Sustainable

Sustainable Social Responsibility

I just counted the number of times the term”sustainable” (and its close cousin, sustainability) appears at the 17 Sustainable Development Goals (SDGs) in the U.N. The UN Sustainable Development Goals intends to end poverty, end hunger, promote sustainable agriculture, healthy lives and encourage well-being for all ages, inclusive and equitable excellent education, achieve gender equality, accessibility of water and sanitation, access to sustainable and modern energy, encourage economic growth and employment, sustainable industrialization, reduce inequality, security, sustainable consumption, combat climate change and its impacts, preserve marine resources, protect terrestrial ecosystems, access to justice for all and international partnerships for sustainable development among others.

The SDGs, as they are called, aims to enhance life in the world, particularly in poor countries and the designers of this target obviously want them to become more sustainable. But, I wondered about the specific meaning of the term”sustainable” with regard to development objectives. You would find a different definition from various analysts on any particular day. It may mean an end to the aid programs run by governments of developed countries If the Sustainable aims are attained, aid isn’t essential in perpetuity. Local governments will start to kick in funding and set up strategies to deliver food and drugs. The concept is, the nation that benefits in the initial form of help will eventually build on it and become self-explanatory.

Then it can be referred to as sustainable work. It’s an indication that short term fixes are not like a long-term solution The Ebola crisis exposed that we may get caught flat-footed if we don’t have a robust and resilient health care food system in place. We are in need of a strong health workforce, quality practices, quality medications and financial infrastructure for continuous improvement of the infrastructure.
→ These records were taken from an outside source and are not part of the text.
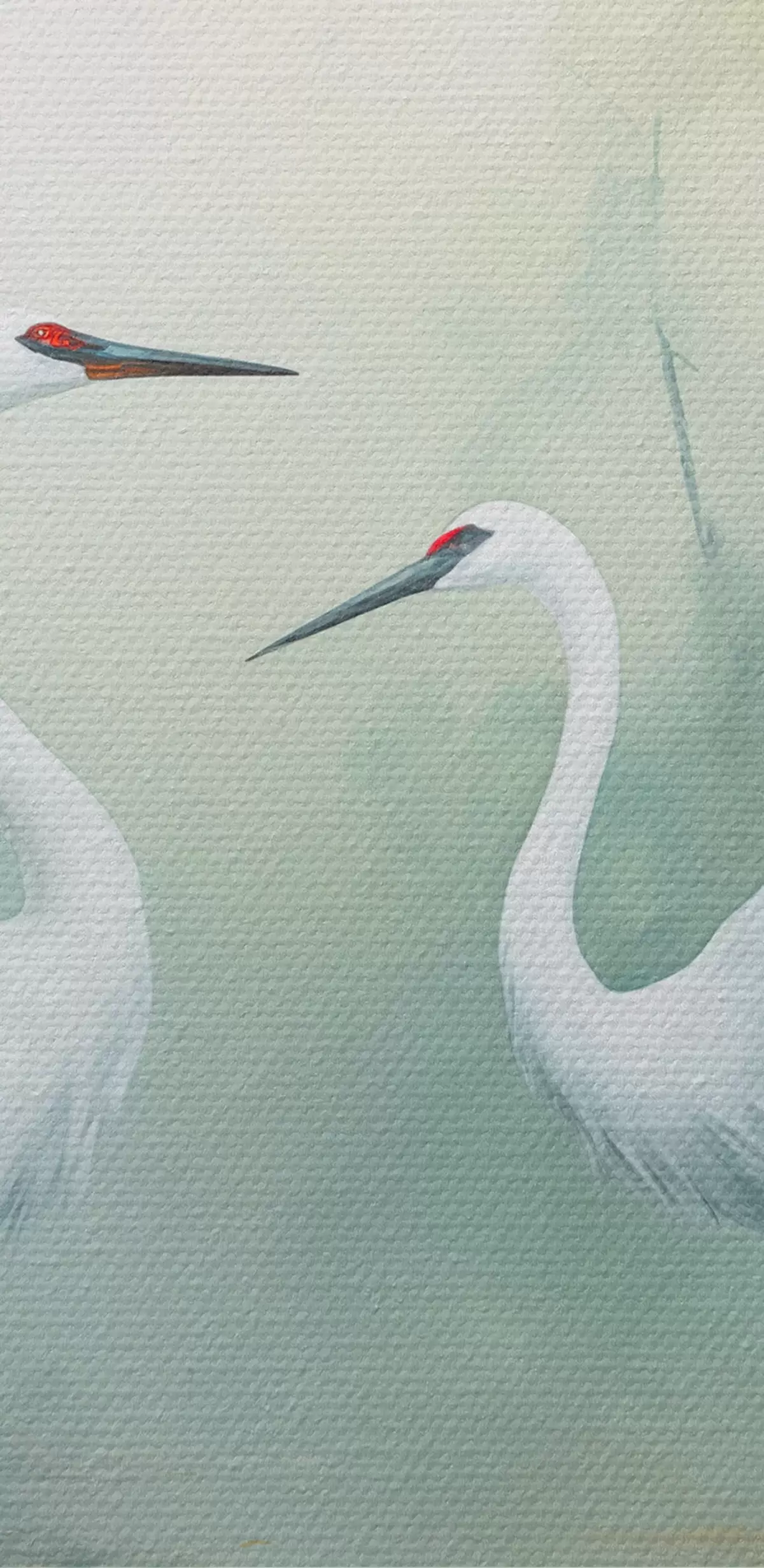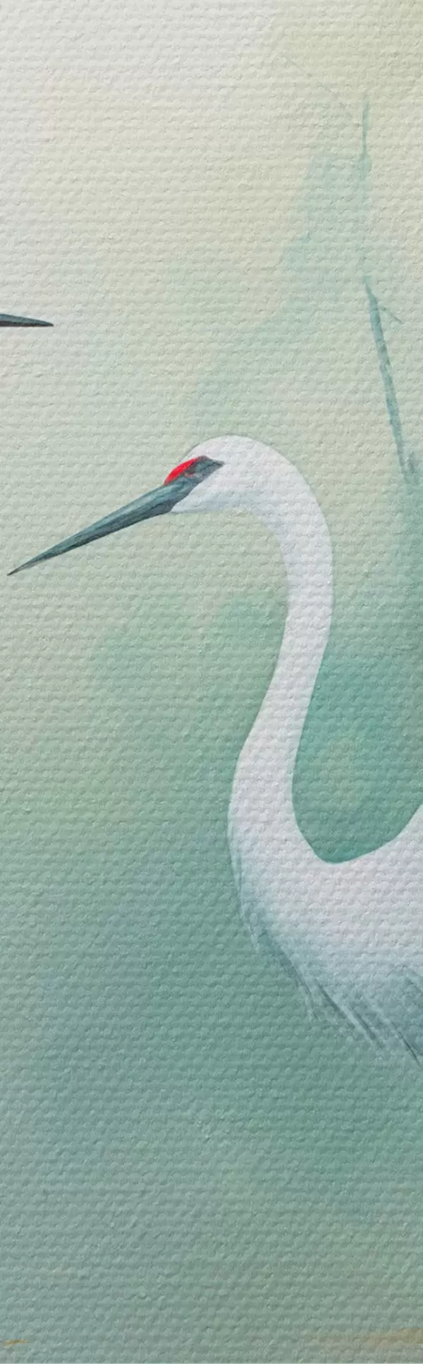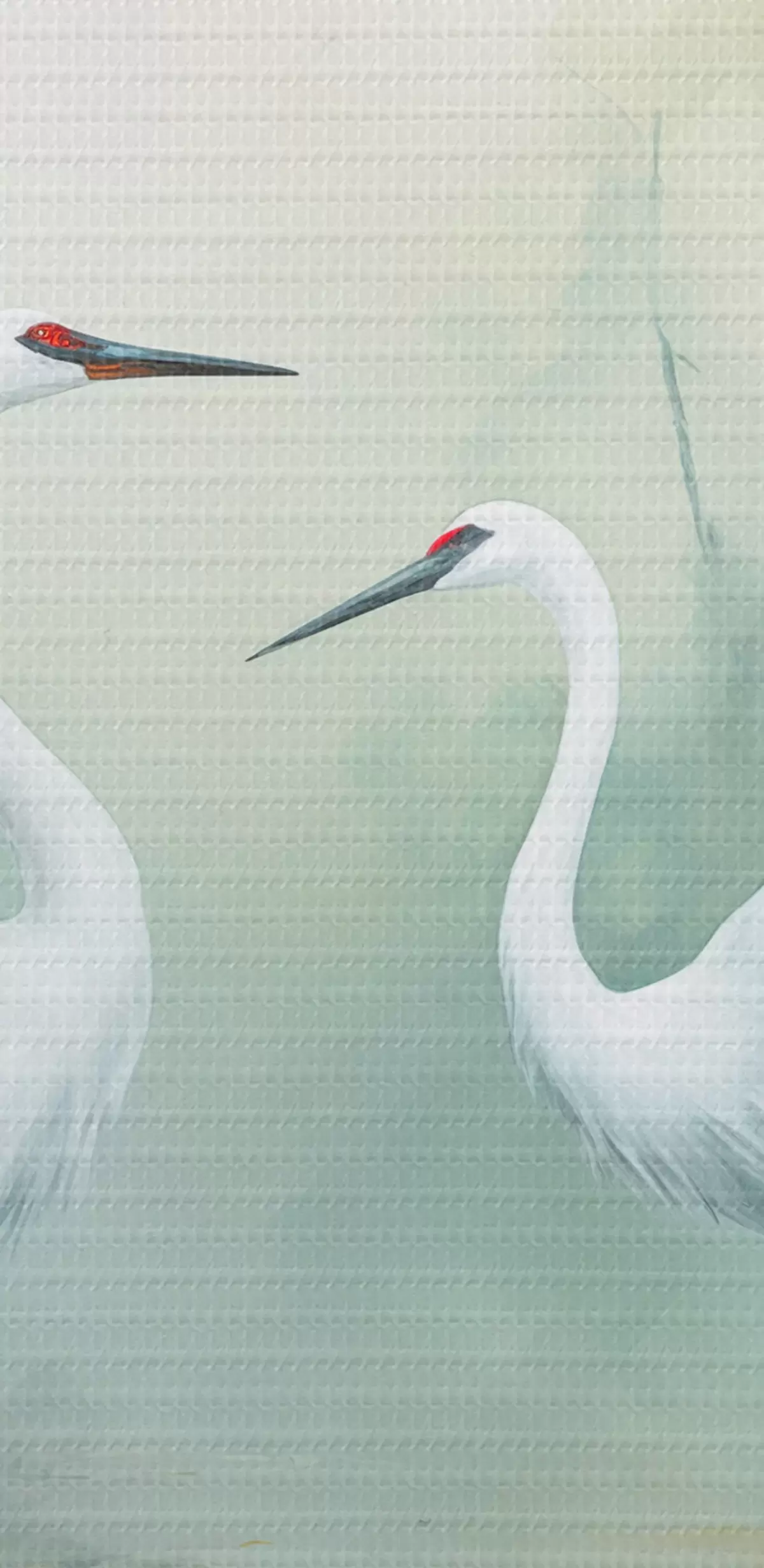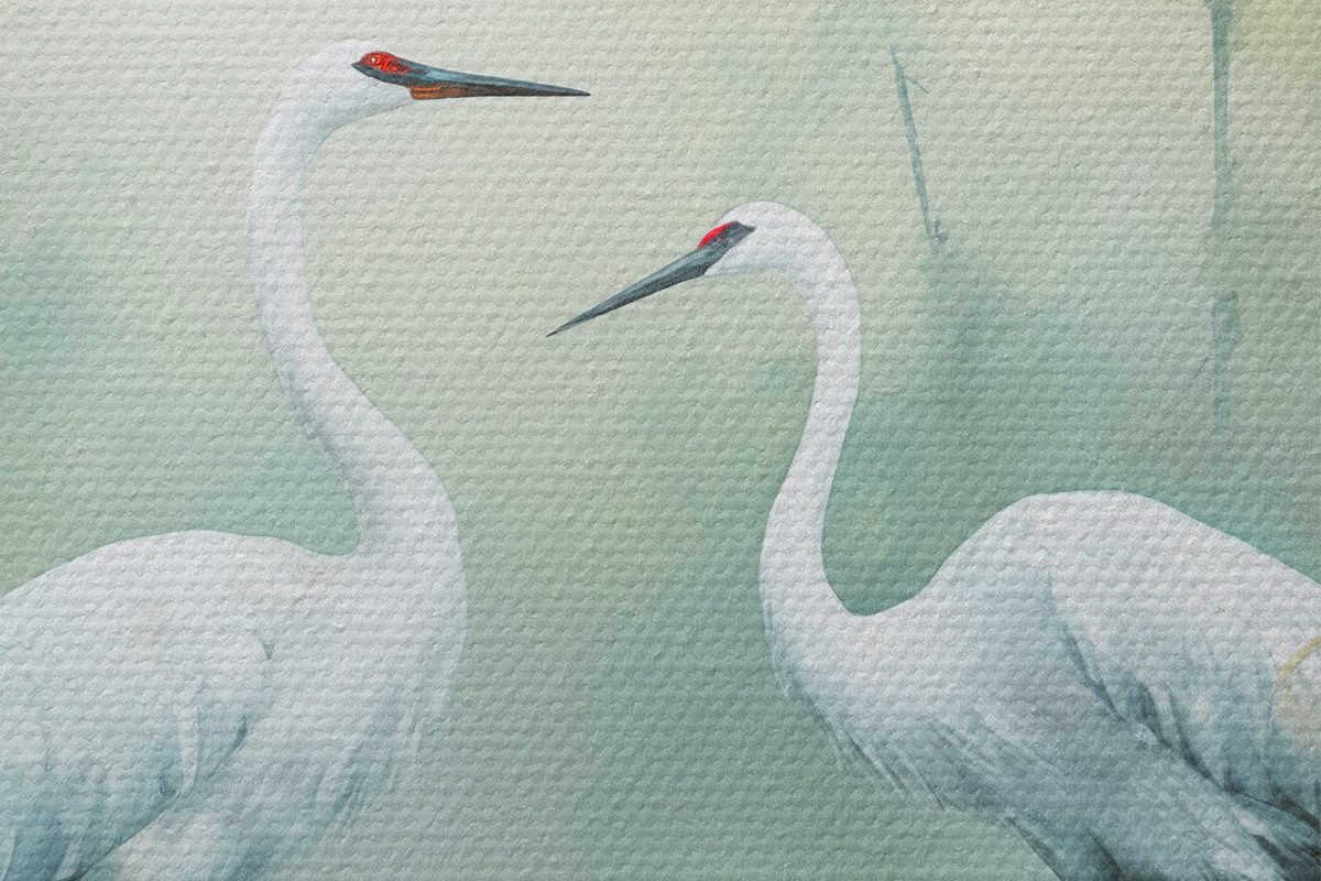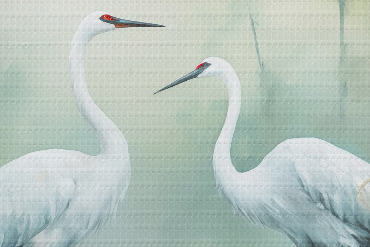 Image Deux grues blanches se tenant dans un étang, entourées d'une forêt verdoyante avec un éclairage doux et diffus Nr r43166
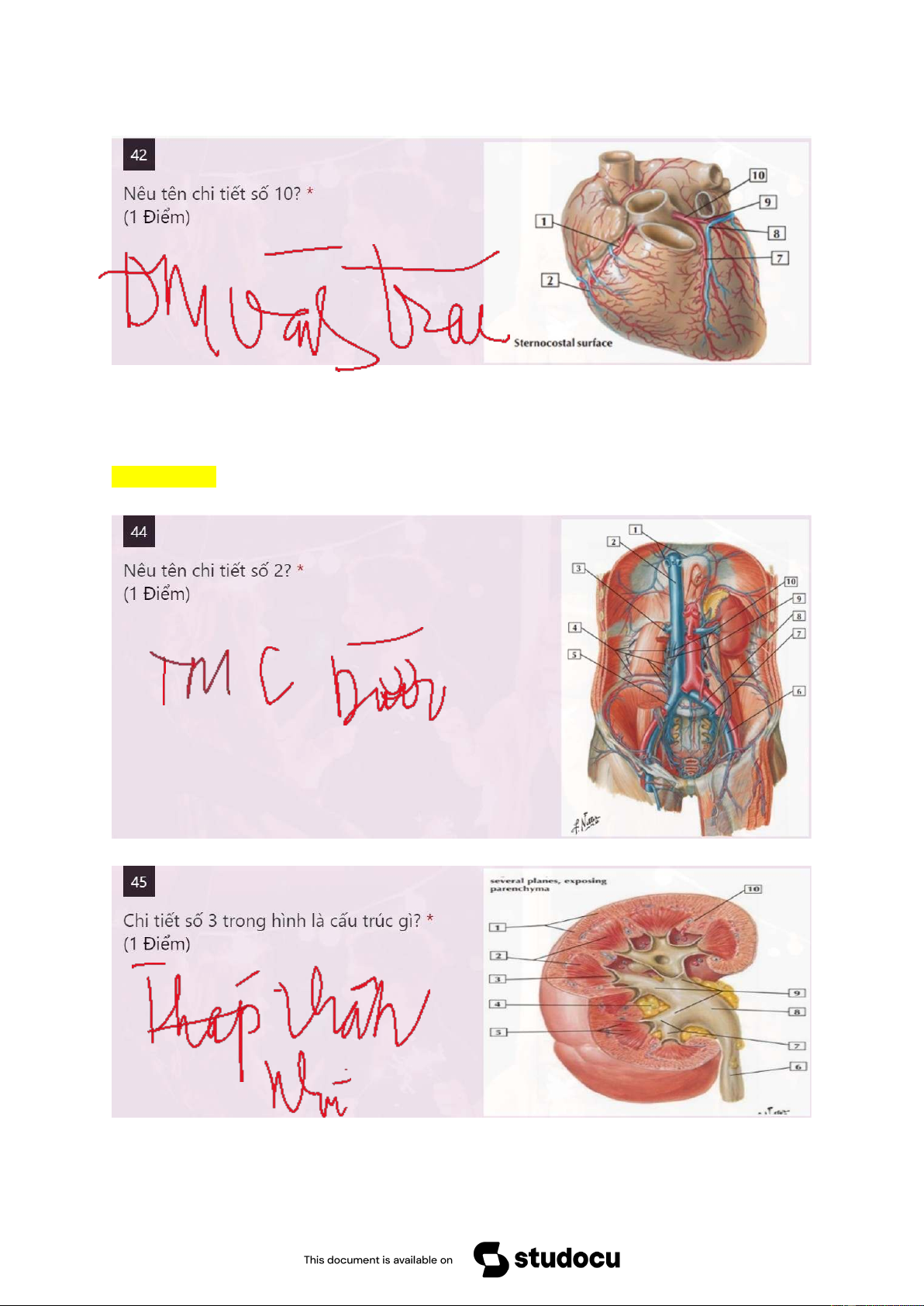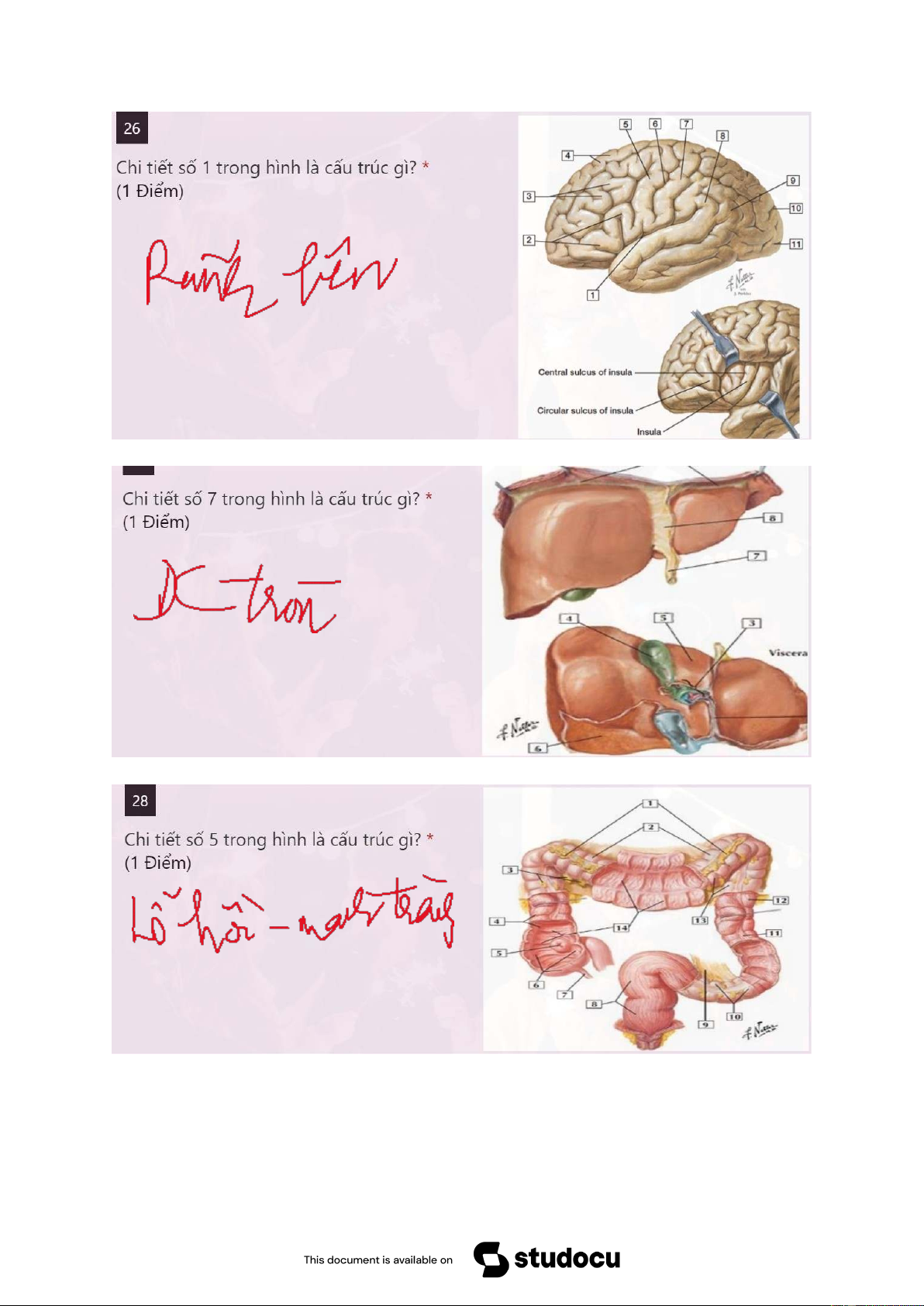 Câu 11: Giải phẫu học làm cơ sở cho môn học nào sau đây: A. Tin học B. Hóa hữu cơ C. Chẩn đoán hình ảnh D. Hóa vô cơ Câu 12: Câu 13: 335 Atlas 240
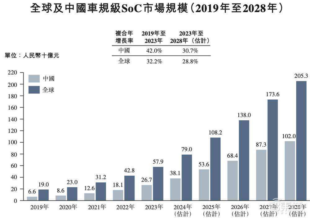 车规级SoC及解决方案行业竞争激烈。根据弗若斯特沙利文的资料,全球车规级SoC市场预计将由2023年的579亿元增长至2028年的2053亿元,期内复合年增长率为28.8%;基于SoC的智能道路解决方案的全球市场规模预计于2026年将达到152亿元,于2030年将进一步达到398亿元。
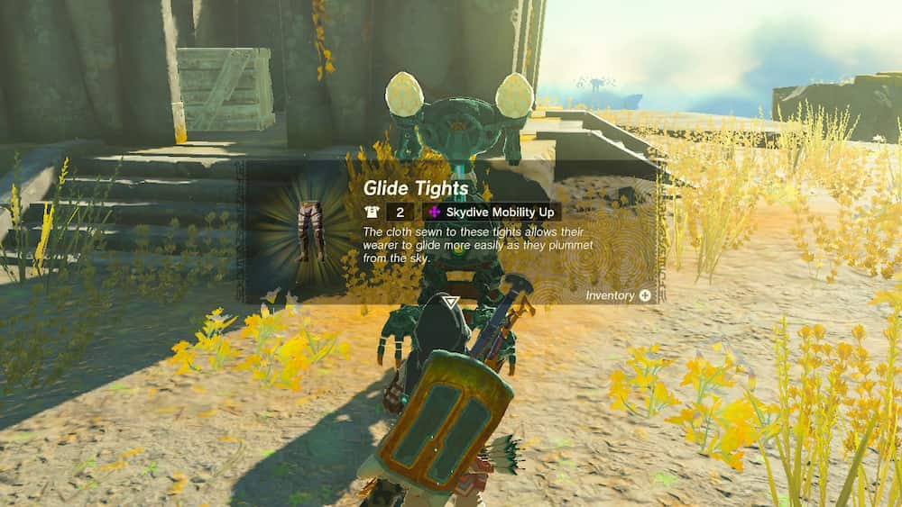 Like other Armor Sets in TotK, the Glide Set comprises a helm, chest armor, and leg armor. For this wingsuit, those items are the Glide Mask, the Glide Shirt, and the Glide Tights.

In each country, we want a system designed to bend but not break and bounce back from these large shocks in an increasingly unstable world. The designers of the goals wanted to cover everybody and everything in the world all of that have unique solutions. That is very good for instill motivation but it’s bad news for people who wish to implement it.

The sustainable targets are a vision that needs more actionable definitions and much more specificity. We can’t specify well-being, let alone measure it. It also suggests that we need to spend money to change the world to make a strong health care system we want a solid infrastructure and food security. In a report on”A Grand Convergence in Global Health,” the prediction was that one to 3 percent of GDP is sufficient for”a universal decrease in disease” and a fall in maternal and child death rates to”dangerously lower levels”. Governments will need to raise money and spend it to create a sustainable ecosystem. It can make authorities consider the consequences of their activities. Douglas Beal, managing director of the Boston Consulting Group, gave a Ted talk about sustainability. And it only meant”longevity, something which can continue.” After the government dismisses good governance, the environment and dismisses civil society that the society and people are harmed. This defeats the purpose of sustainable targets.